Outside advisers have recommended 20,000 to 30,000 additional American military personnel in Afghanistan on top of the buildup to 68,000 troops by the end of the year, but that number may be difficult for the Pentagon, White House and Capitol Hill to digest. Two more U.S. soldiers died Monday, bringing to 47 the U.S. toll for August.

“The situation in Afghanistan is serious, but success is achievable and demands a revised implementation strategy, commitment and resolve, and increased unity effort,” Gen. McChrystal said Monday in a press release.

Bruce Riedel, who headed the administration’s Afghanistan-Pakistan review earlier this year, said “there is a huge debate starting behind the scenes” on how many U.S. troops are necessary to turn around the situation in Afghanistan, where the Taliban have made significant gains.

“How big do we want to do this?” Mr. Riedel said. “The generals will want more but face a reluctant Democratic Party and a very anxious White House.”
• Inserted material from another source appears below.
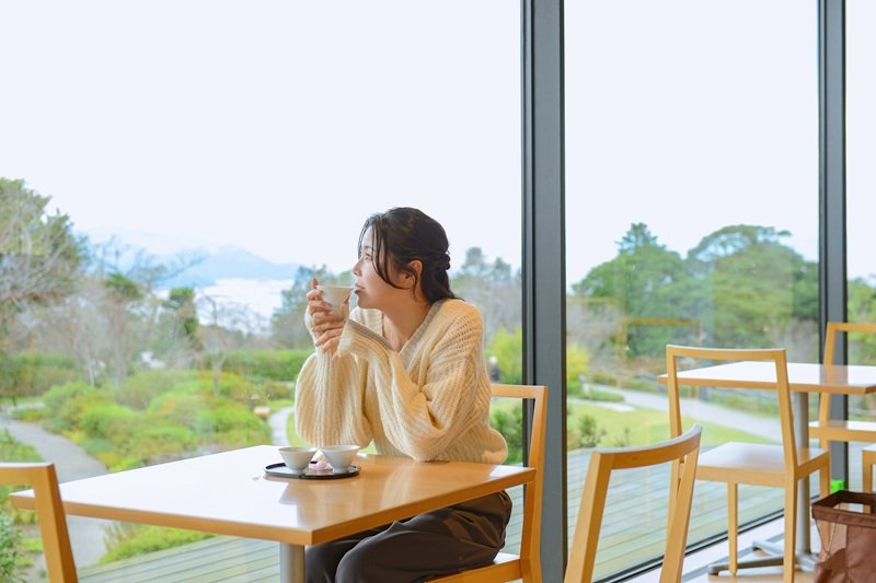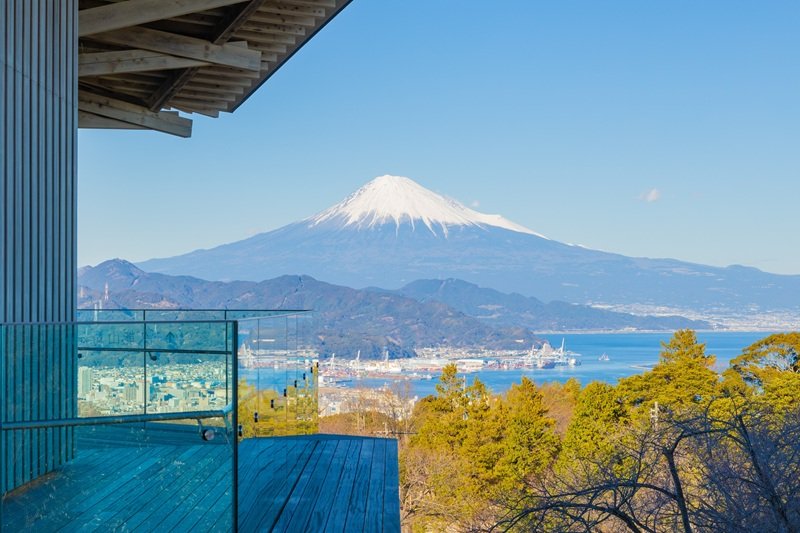 施設内2階のラウンジで静岡茶を味わいながら、改めて静岡の新旧の絶景に思いを巡らせた。「少しずつ日が差してきて、富士山がちょろっと頭をのぞかせてくれました。海がきれいで、さすがの絶景ですね。風が少し冷たかったけど、お茶が温かくてほっとしました」と田畑さん。今度は快晴の日に訪れたいものだ。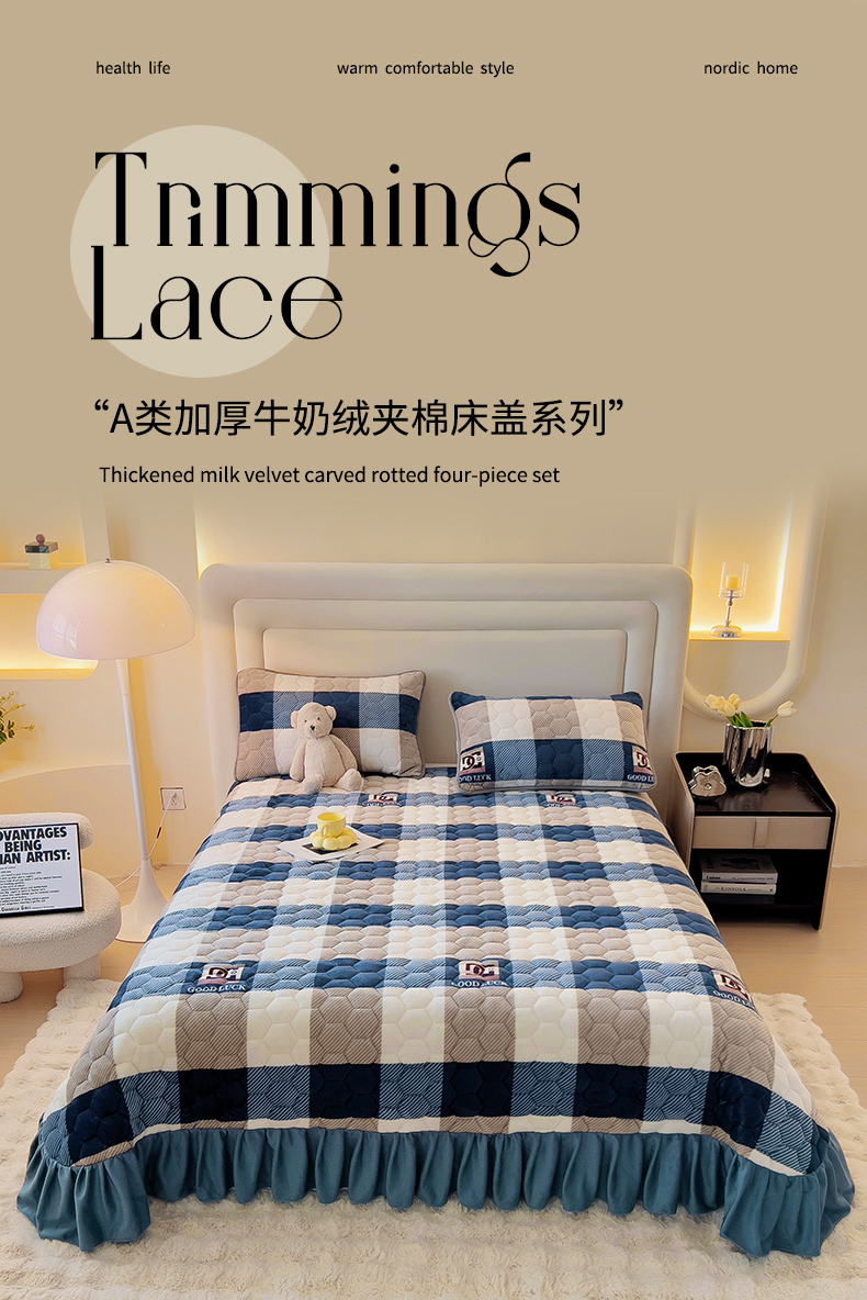 • 91家纺网 家纺一手货源 找家纺 情煊家纺 2025新款简约加厚A类牛奶绒夹棉印花床盖 童真

While some analysts have suggested another 20,000 to 30,000 troops, Defense Secretary Robert M. Gates will be “more conservative,” Mr. Riedel said. “They really need more trainers but there aren’t enough, so they will take combat troops and turn them into trainers,” he said.

Mr. Gates told Bloomberg TV Monday that he had asked Gen. McChrystal to assess “the implications of significant additional forces in terms of the foreign footprint in Afghanistan, whether the Afghans will see this as us becoming more of an occupier or their partner and how do you differentiate those and how do you make sure you don’t lose their confidence in us as their partner.”

“While there is a lot of gloom and doom going around, I think that Gen. McChrystal’s assessment will be a realistic one, and set forth the challenges we have in front of us,” Mr. Gates told reporters earlier.

White House press secretary Robert Gibbs told reporters that the McChrystal assessment is on its way to President Obama but that at “each step along the way, commanders and policymakers will add their comments to the strategic assessment that Gen. McChrystal has made, understanding that I think there’s broad agreement that, for many years, our effort in Afghanistan has been under-resourced - politically, militarily, economically.”

The U.S. military official told The Times that one “dramatic shift from the past” was the importance Gen. McChrystal attached to partnership with Afghan security forces.

“The key is partnering, partnering, partnering … partnering all the way down to platoon level with the [Afghan national army] which is bold, and distinctly new,” the official said.

During a recent trip to assess a community policing pilot program in Wardak province west of Kabul, Gen. McChrystal pledged to “grow the Afghan National Security Forces [ANSF] more quickly.”

Maj. David Buffaloe, a military planner for the U.S.-led coalition, said that meant coalition mentors “living, planning, operating, training — everything with the ANSF — at all levels.”

While Gen. McChrystal did not include outright troop requests in his assessment, he will make “a statement of [what he would] need” to accomplish his strategy, Maj. Buffaloe said. “If we’ve got a strategy that calls for more troops, it would be nice to actually get them.”